I've spoken about this on many panels and in many public forums, and I can't say it enough. As soon as that truth was allowed to rise within me and I realized it was not about hating motherhood. It was about connecting the expectations of motherhood to my entire life. I had kept myself safe in the moments of unhappiness in my childhood by saying "Well, it doesn't matter what happens now. One day I will create this family, this perfect family." That was really true for me. When it turned out to be regular life, that devastation was lurking underneath the surface and I didn't have words for it. This process invited those feelings to the surface.

At first, it was very upsetting and devastating, but it was so brief, because as soon as I was able to release this ugly truth I realized, I don't hate motherhood. I just needed that to be gone. I needed that perspective to have been unraveled and for me to get that this is life, this is the life I get. I was able to see it in a completely different way, not as the fallacy of my childhood or my unbridled expectations. I needed that five-year-old voice to be heard so it could be given perspective.

It opened me up to the real experience of motherhood and having been opened to that, I can't tell you how much I love it. I don't hate it at all. This is what's beautiful about this work. You start with the truth and you bring the ugliness up because you have to.
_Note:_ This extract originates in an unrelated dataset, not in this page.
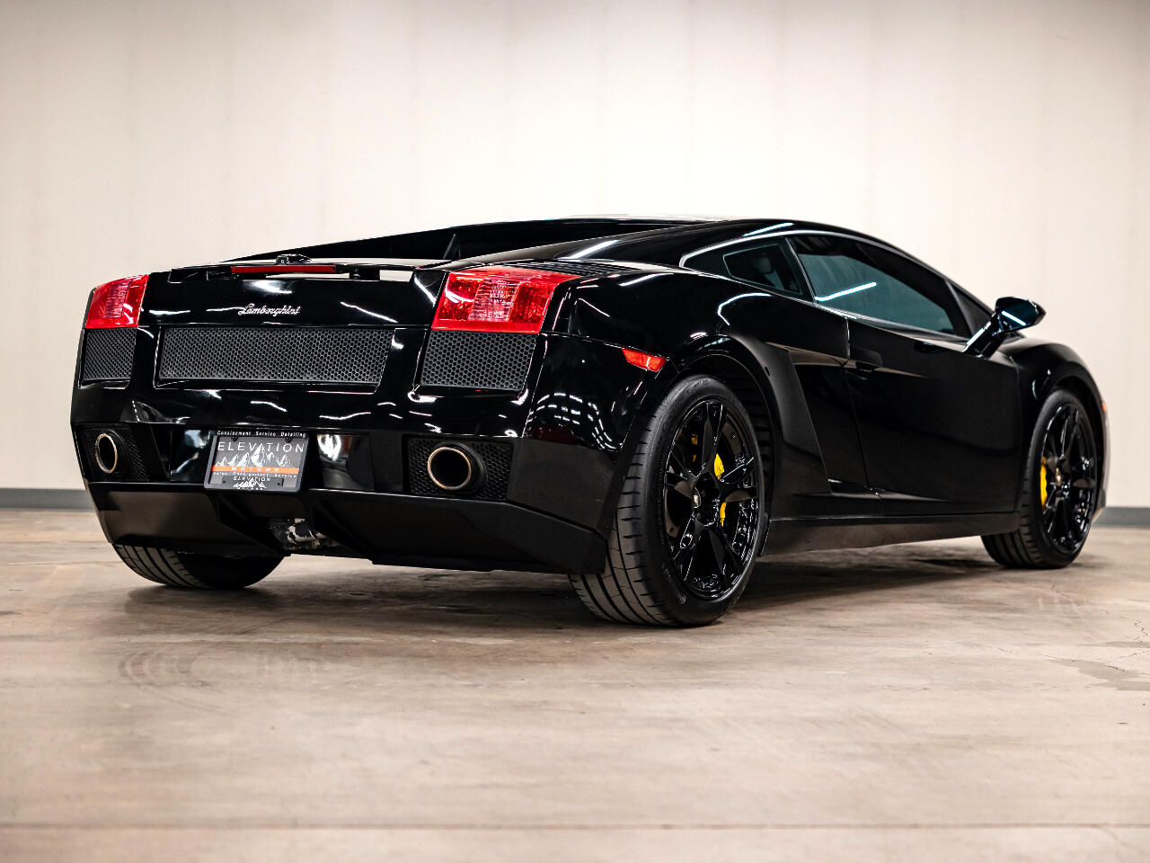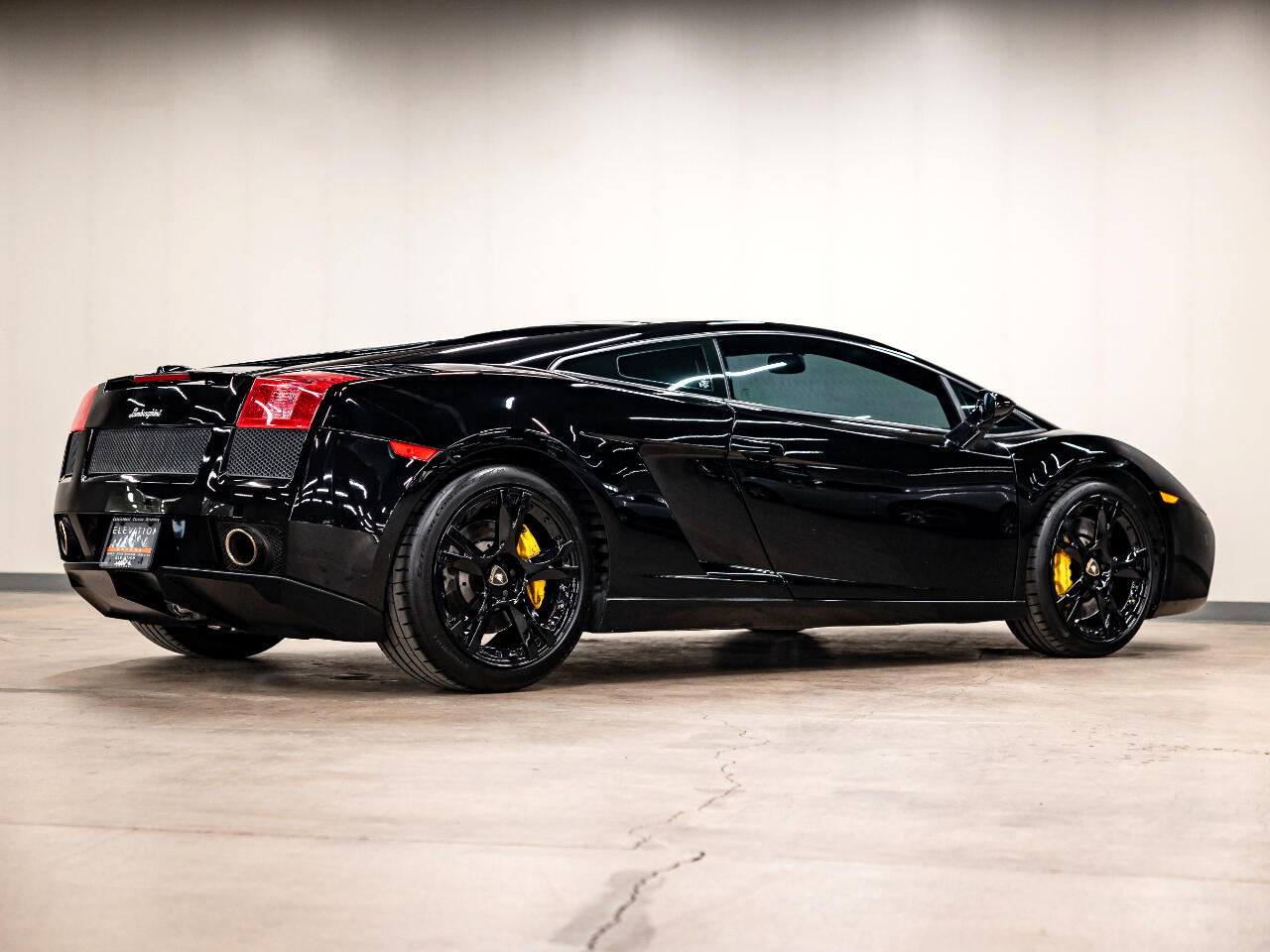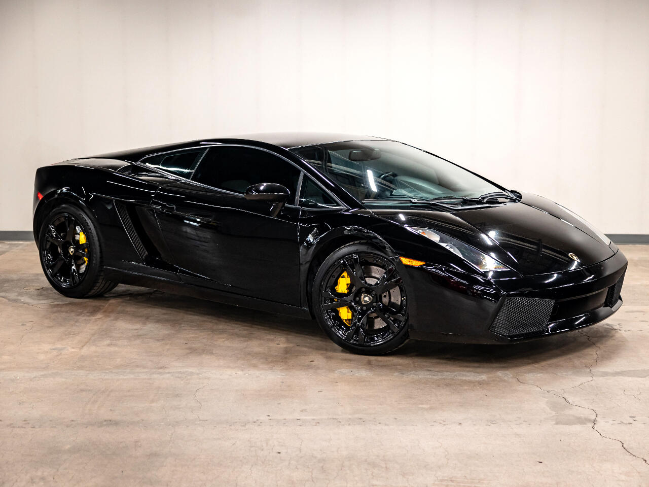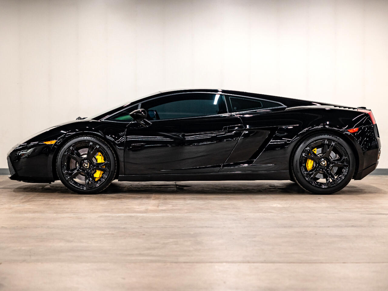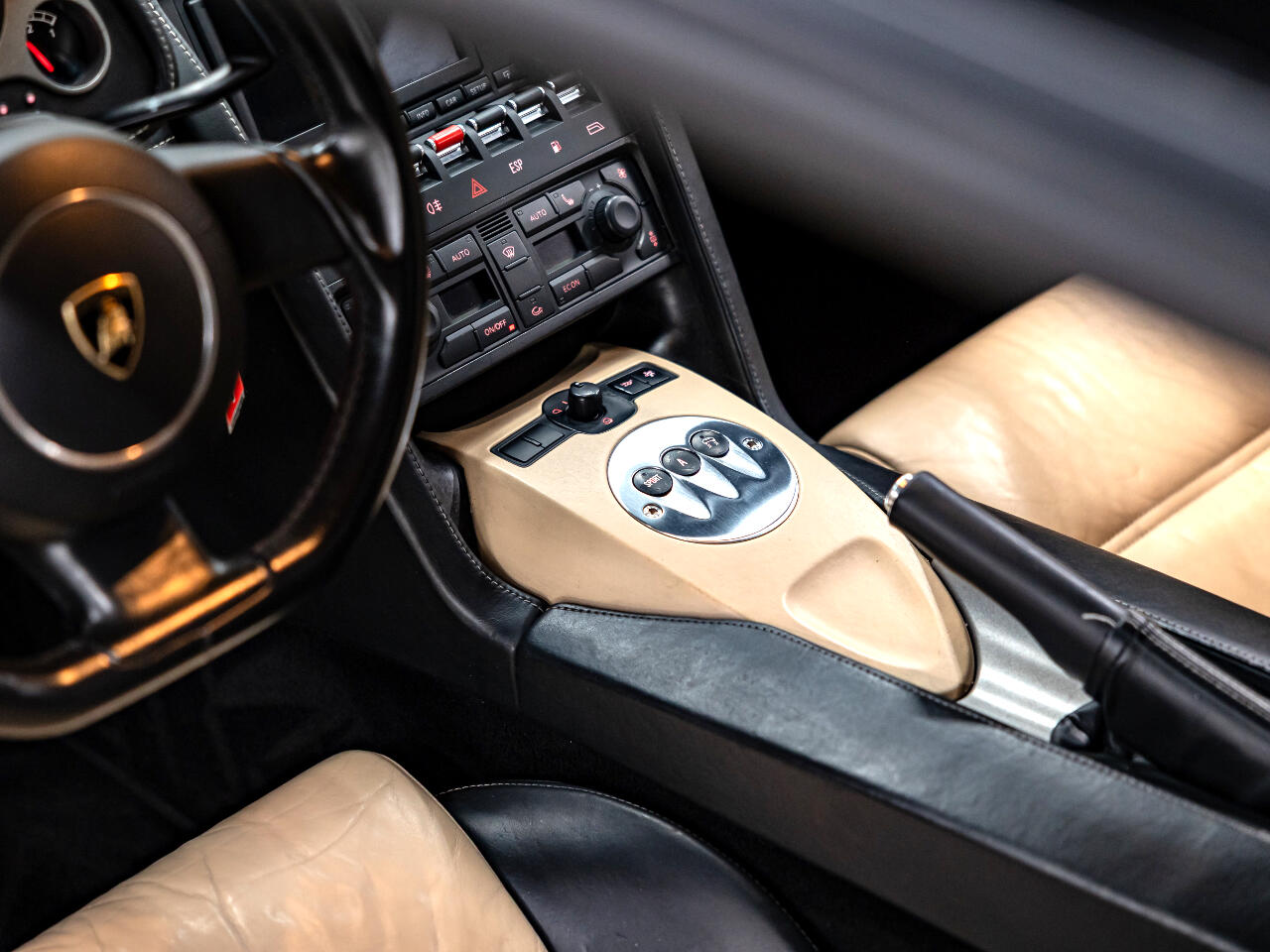 This 2006 Lamborghini Gallardo Coupe is finished in Nero Noctis over a black and beige bi-color leather interior. Power comes from a 5.0L V10 producing 493 hp and 376 lb-ft of torque, sent to all four wheels through a 6-speed “E-Gear” automated manual transmission.

Then you're able to see with your 44-year-old brain instead of your five-year-old brain. I love connecting with my kids and being a parent. Thank God I found this work so early on, when my daughter was only two and my son was just a little guy because I was able to clear that up with myself very early on and so can you. No matter how many years you've lived with these ugly truths being suppressed, you can clear this up for yourself through this process.

After I came up with that really difficult realization, the next morning my back pain was 80% gone. Not everything works that quickly. Sometimes it really does, actually, but sometimes it doesn't. It's not necessary for you to base your healing on me. I just want to explain to you how powerful it can be. I also want to explain to you that no matter how quickly or how slowly this happens for you, it will work.

Once your brain is alerted that you don't need to hold down these ugly feelings anymore, that you do not need the physical pain, it will melt away. But you must wake up every day, fight your resistance, and do the work.  Find your quiet space, get your journal of choice, set your time, and you do it until that bell goes off. Then you throw it out and it will heal you, little by little it will heal you. You will look back after a month or two of doing this and you will say "I can’t believe I waited this long. I can't believe that it is this simple to get ahold of what I need to do in order to heal."

We are going to be discussing more tips for journaling and more insights in future posts but right now, in terms of the work, I have laid it out and I really, really encourage you to begin it right away because it will not hurt you. It will save you and it will heal you.